しっかり聞いていたようである、意外と仲良くは出来るんじゃないかこいつら。


 「ところで、俺達はこれからゆずと三人で遊びに行く予定だったんだけど

良かったらグレコも来るか?」

「なぁ!!!こんな危険人物誘ってんじゃね~デス!!何考えてるデス!?」

「ちょっと冗談キツかったかもしれないけれど、そんな悪いヤツじゃないし危険でも無いって。

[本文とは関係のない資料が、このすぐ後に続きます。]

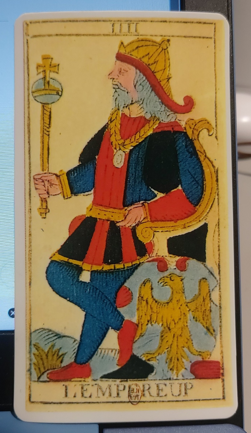 마르세유 타로의 네 번째 아카나는 황제(L'EMPEREUP)이다. 일반적으로는 세 번째 아카나인 여왕과 같이 권좌에 앉아서 정면을 응시하고 있을 수 있지만, 언뜻 보면 권좌 혹은 방패에 기대어 걸터앉은 듯이 보인다. 정면을 보여주지 않고 카드를 들여다보는 사람으로 하여금 측면으로 비스듬히 기댄 모습을 볼 수 있게 하며, 십자가가 달린 봉을 쥐고 있는 모습이 권력을 쥐고 있는 황제라는 의미답게 당당하고 거만해 보이기까지 한다. 그래서인지 전반적으로 마르세유 타로에서 이 아카나는 '황제'라는 단어가 주는 '힘', '권력' 등의 키워드가 지닌 긍정적인 느낌과 동시에 이에 따르는 부정적인 느낌을 줄 수 있다.

どっぷりハマったってのも、こいつ同性から結構モテるからそのせいだ。

気持ちはわかるけどな……やらなきゃいいのにっていつも思うよ」

身長も比較的高くスタイルも抜群、学力も高くスポーツもこなせる。

そんな彼女はありがちに同性から人気がある、それに加えて趣味がガッツリハマったというわけだ。

「あの~、もう終わりましたかね」

「おやまぁ、ゆずっち!いやー終わった終わった。

今日のところはね!!良い身体をお持ちでしたよ!!」

「やっぱりやられちゃったんだね~、あはは」

30分も経ってないが柄にもなくおずおずとゆずが戻ってきた。

「ちょうどいいからこいつも誘ったんだ。

せっかくだし皆でどこか行ったほうがいいだろ」

「それはいい提案だね~、クラニーちゃんがトラウマになって……

もしくは」

「ワタシはこんなヤツに堕ちたりしね~デス、遊びに行くのは構わねーデスが」

「ですよね~、良かった良かった」

「アタシは諦めない!クラっちをいつか必ず快楽に目覚めさせて見せるんだからね!!」

「クラっち言うなデス、オメーそんなことばっかしてたらいつか殺されるデスよ」

「……冗談にならないな」

王女様って知ってるんだっけか、まぁ何だかんだエシリアさんが見過ごさないだろうしな。

謎の信頼感。

こうしてグレコを仲間に加えて遊びに出かけるのであった。